Phonology (e.g., handshapes in signed languages) is one aspect that has received treatment. We point to an early study (Brentari, 1993) which attempts to establish a sonority hierarchy (visual salience) for American sign language (ASL). The features that the author deals with are path (direction), handshape change, orientation change, and secondary movements. Her basic premise suggests a significant role for perceptual salience. In her words, perceptual salience “underlies the notion of sonority for both signed and spoken languages” (p. 302). Unlike studies in other acquisition contexts, she considers dynamic aspects of perceptual salience given that ASL relies on movement and proposes a scale of perceptual salience to determine the sonority of elements when comparing orientation change versus handshape change.
Another study involving salience in sign languages comes from work by Harris (2001), who compares input (signed and spoken) to children (18 months) with “profound prelingual deafness” (p. 177). The input comes from mothers who are deaf and fluent signers of British Sign Language and mothers who are hearing and enrolled at the time in a signing program. The author’s concern was the identification of the type of input that the children received. Among other criteria, one important one was whether the utterance had a salient context that was visible to the child. In her study (as in other studies dealing with visual context), a context is salient if it refers “to an object or action to which the child was attending at the time of the utterance” (p. 178). In other words, the ‘here and now’ becomes important in signed language learning as it is in spoken language learning as it draws children’s attention to the sign.
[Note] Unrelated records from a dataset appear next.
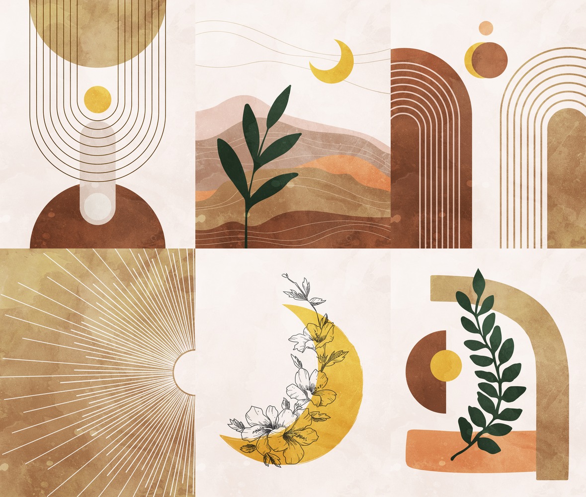 SIGNLEADER Collage Set Watercolor Southwest Planets Plant Polygons Abstract Shapes Illustrations Nordic Living Room Bedroom Office Unframed
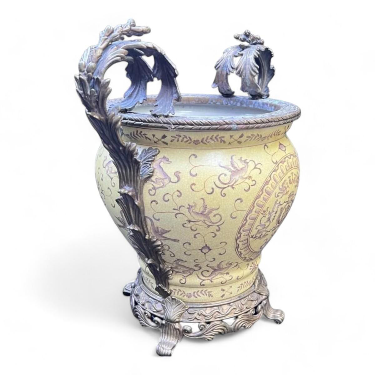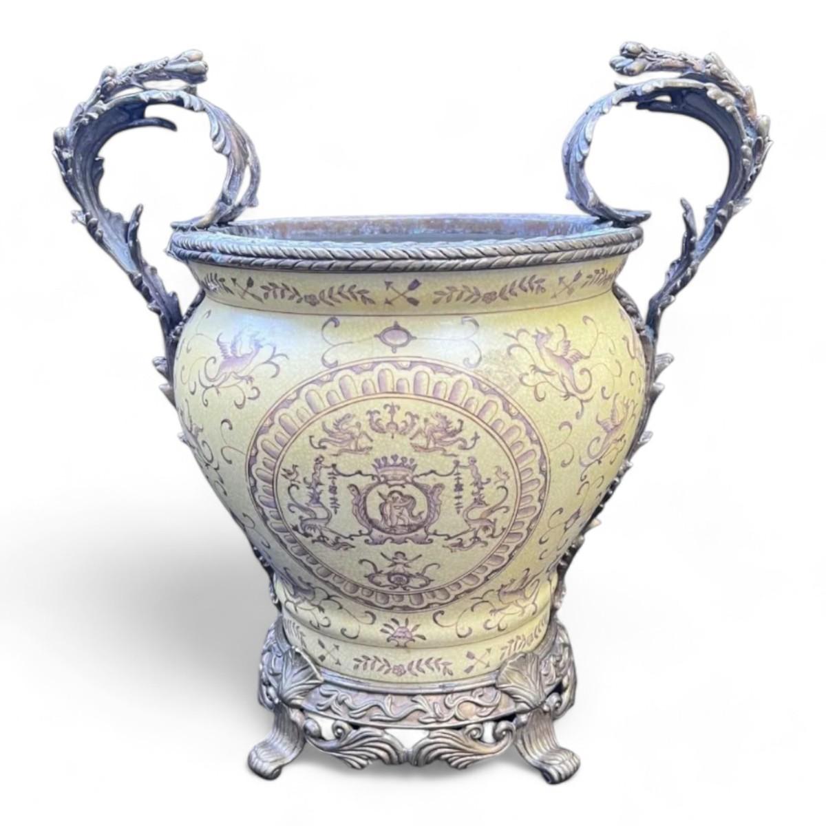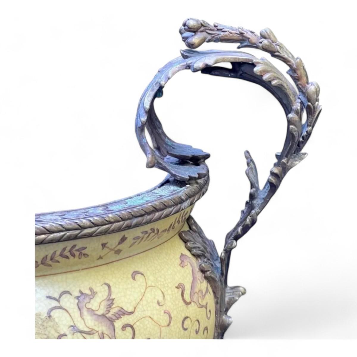 Vintage Chinese Hand Painted Signed Porcelain And Bronze Ormulu Cache Pot Jardiniere
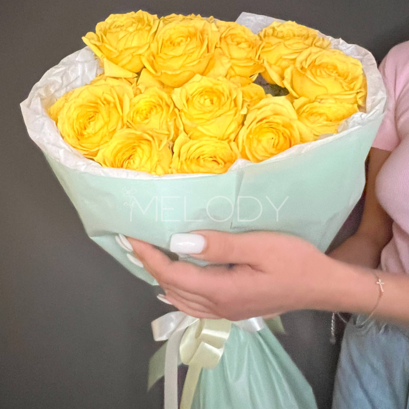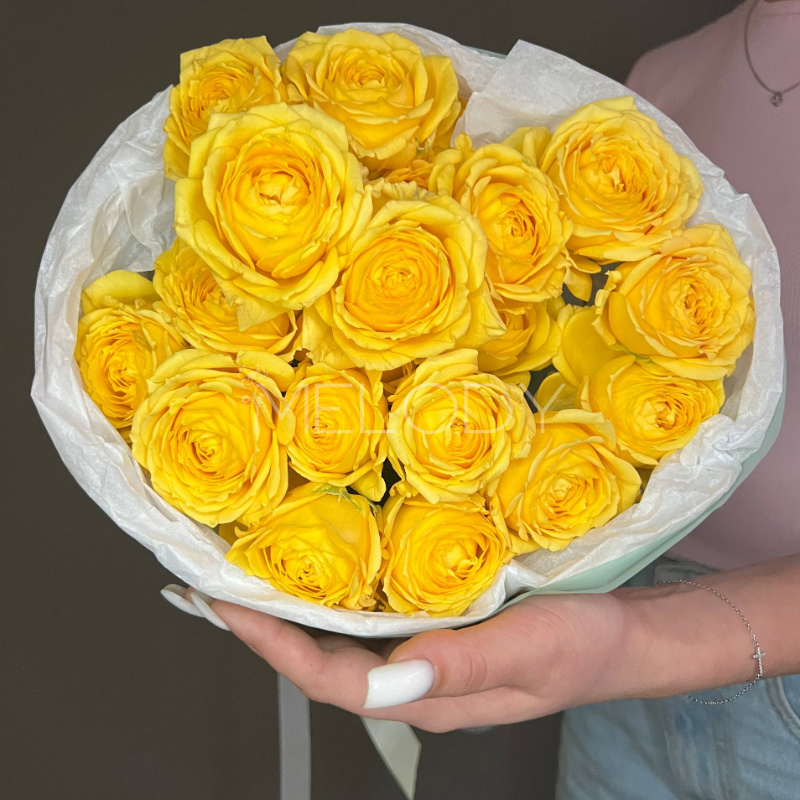 Пять пышных веток желтой кустовой розы создают легкую и радостную композицию, словно музыкальная увертюра к самому светлому дню. Яркие цветы напоминают переливы солнечных бликов, а нежная упаковка подчеркивает их естественную красоту. Идеальный подарок, чтобы поднять настроение, поздравить с достижением или просто напомнить о тепле.
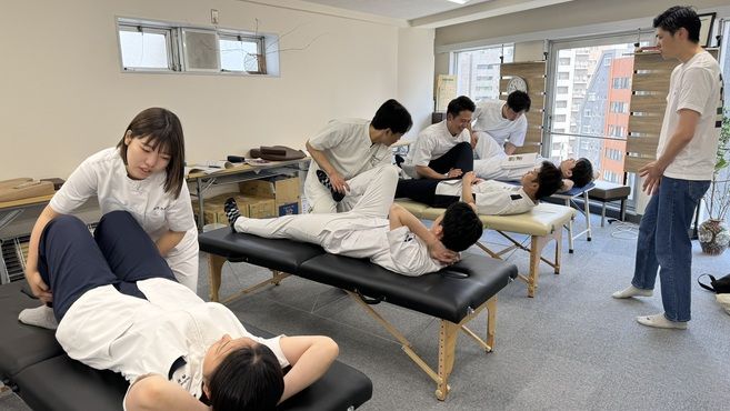 新入社員研修2か月間、社内勉強会、外部勉強会、教育デジタルコンテンツ、セラピストランク制度(年2回手技テスト・テストの成績により手当支給)
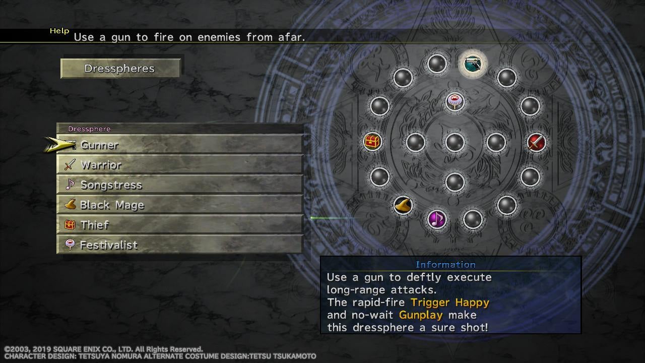 Years before Noctis and the lads took a road trip in Final Fantasy XV, Y.R.P. (their stage name) were kicking ass and changing clothes mid-battle. Harnessing the spirit of the series’ job change system, Final Fantasy X-2’s heroes change character classes in dramatic fashion. Over the course of their adventure the group collects dresspheres, bits of memory containing a job’s special skills and unique appearance. Once slotted onto a piece of equipment called a garment grid, these dresspheres can be swapped out during battles.
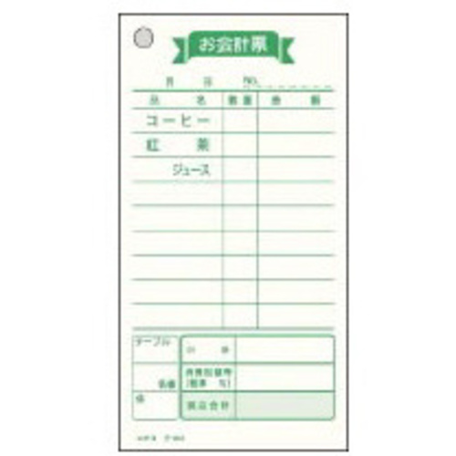 見やすく書きやすい、コクヨのお会計票。●品名/お会計票(品名入り)●タテ×ヨコ/125×66●枚数/100枚●単位/1冊
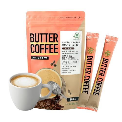 バターコーヒー スティックは仙台勝山館の製品で、個包装が10本入っています。お湯に溶かすだけで手軽に楽しめる、MCTオイルとグラスフェッドバター配合の置き換えダイエットコーヒーです。
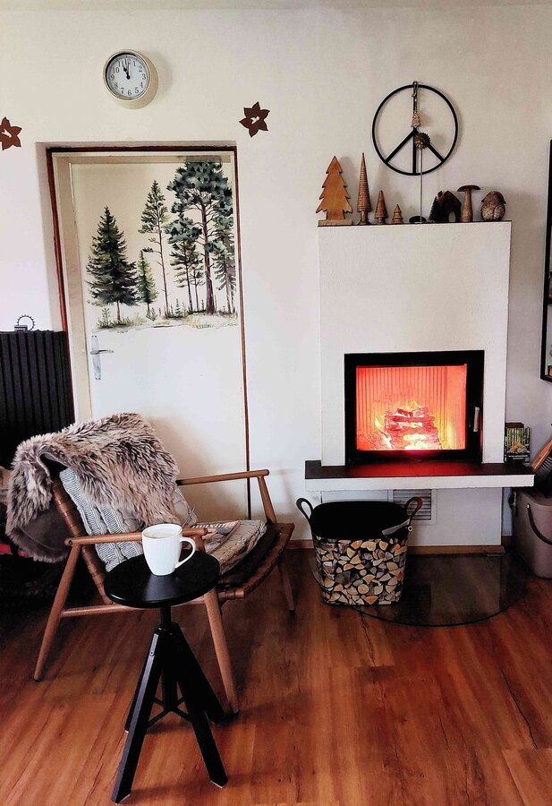 Heut hab ich um 6 den Kamin angefeuert und gemütlich meinen Morgenkaffee vorm warmen Feuer genossen. Sollte ich öfter machen🤔
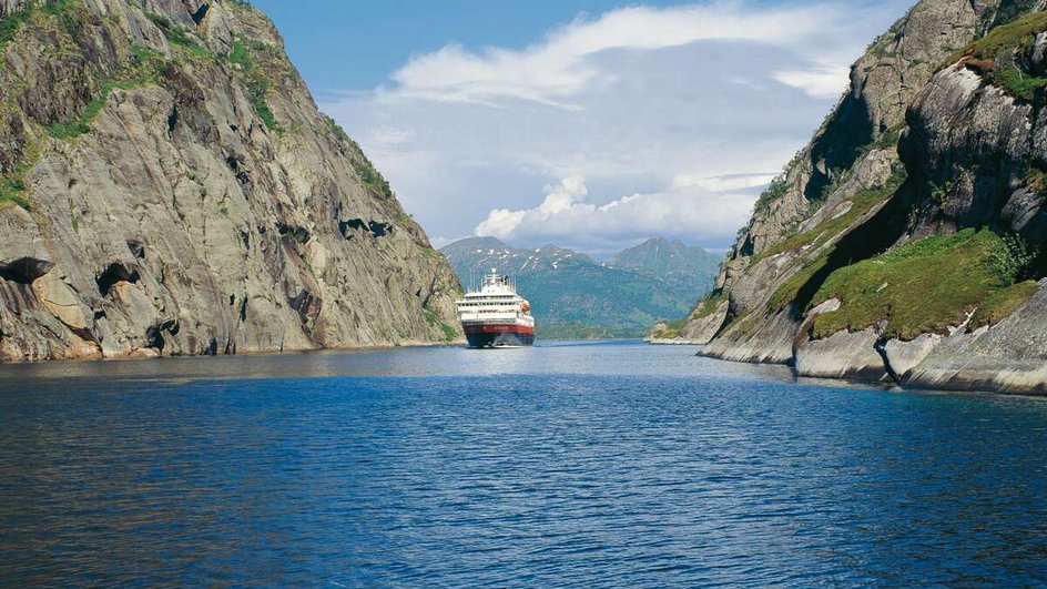 Cela vaut la peine de se lever tôt: vous longez la côte haute en couleurs et fertile du Helgeland et vous traversez le cercle polaire. Un paysage varié avec d'innombrables îles, montagnes et cascades se succède.
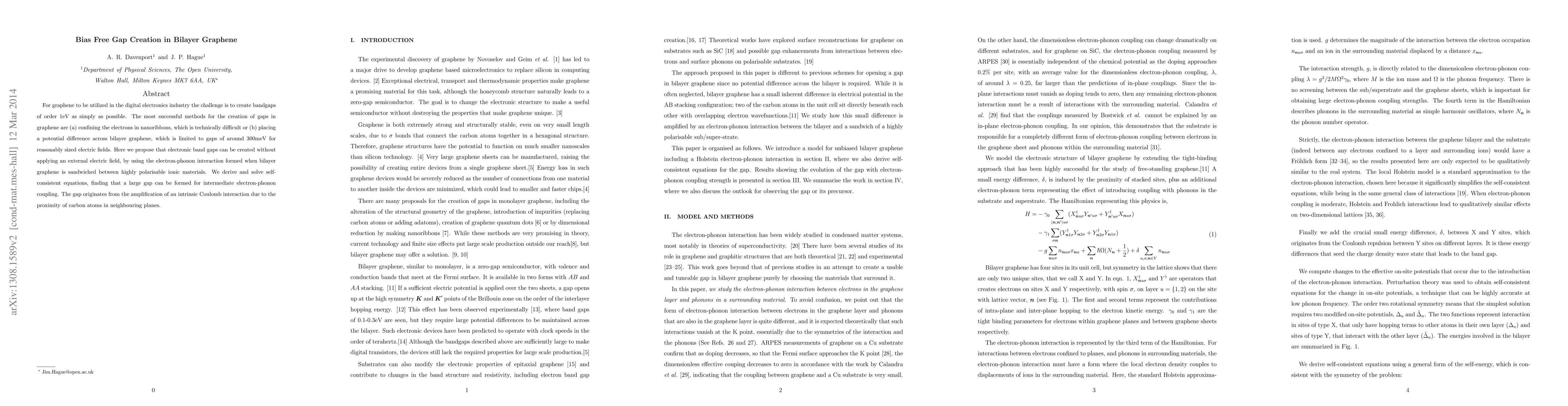 For graphene to be utilized in the digital electronics industry the challenge is to create bandgaps of order 1eV as simply as possible. The most successful methods for the creation of gaps in graphene are (a) confining the electrons in nanoribbons, which is technically difficult or (b) placing a potential difference across bilayer graphene, which is limited to gaps of around 300meV for reasonably sized electric fields. Here we propose that electronic band gaps can be created without applying an external electric field, by using the electron-phonon interaction formed when bilayer graphene is sandwiched between highly polarisable ionic materials. We derive and solve self-consistent equations, finding that a large gap can be formed for intermediate electron-phonon coupling. The gap originates from the amplification of an intrinsic Coulomb interaction due to the proximity of carbon atoms in neighbouring planes.
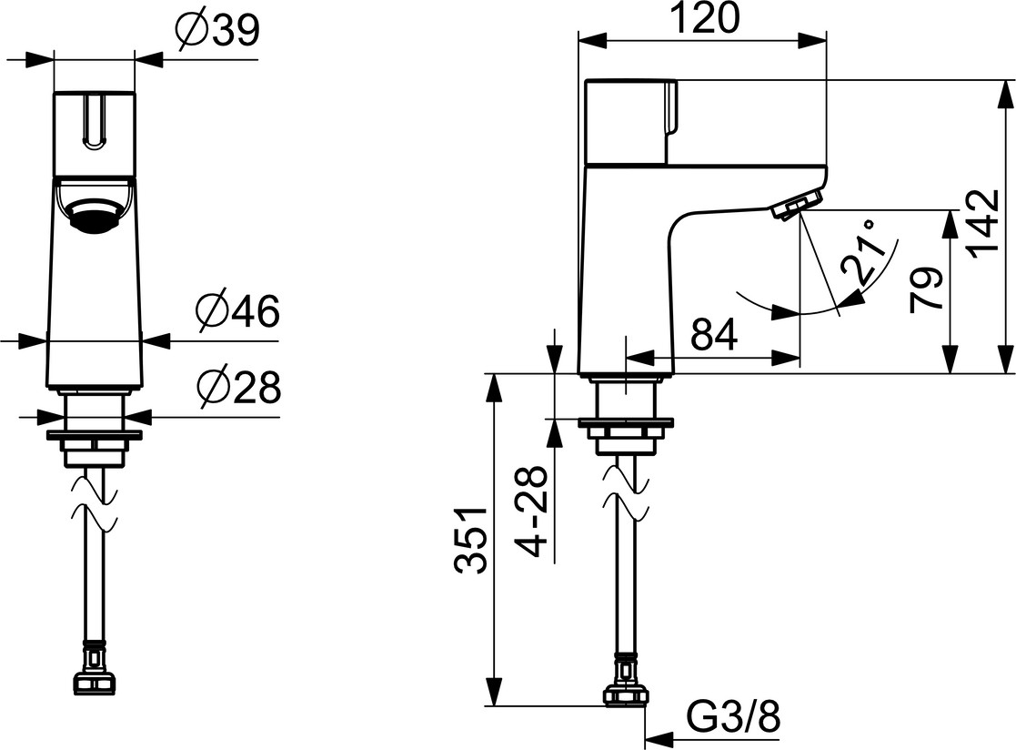 DN 15, Heißwasserversorgung max. 80°C, Arbeitsdruck 0,5-10 bar, Durchfluss bei 3 bar (mit Regler) 6 l/min, Anschlussgröße G3/8, Ausladung 84 mm, Sicherungseinrichtung (EN1717) AA, Geräuschklasse I (ISO 3822), Material Messing, Oberteil mit keramischen Dichtscheiben zur Wassermengeneinstellung für einen Abgang, Einhandbedienhebel/Griff, Anschluss über fexible Druckschläuche, 1 Zuleitung, für Kalt- oder Mischwasser, feststehender Auslauf, gegossen, konstante Durchfussleistung unabhängig vom Fließdruck, schwenkbar, Armaturenkörper aus entzinkungsbeständigem Messing (DZR)

Those who were fluent signers were more successful in providing the salient context, resulting in a “more secure context for early language development” (p. 177).
A more recent study (Thompson, 2006) uses perceptual salience to differentiate ultimate attainment between manual versus non-manual agreement, the latter being eye-gaze. Salience in this work is identified though hand movements (large articulators) which are more perceptually salient than smaller articulators (the eyes). She considers salience to be ‘attentionally-based’ with the most salient information coming from the focus of attention. In a later paper, Thompson, Vinson, Fox, and Vigliocco (2013), using a visual-world paradigm to investigate lexical access, find that gaze time increased with features that shared visually salient phonological properties such as location and movement, leading them to conclude that lexical processing “is likely driven by perceptual salience” (p. 1450).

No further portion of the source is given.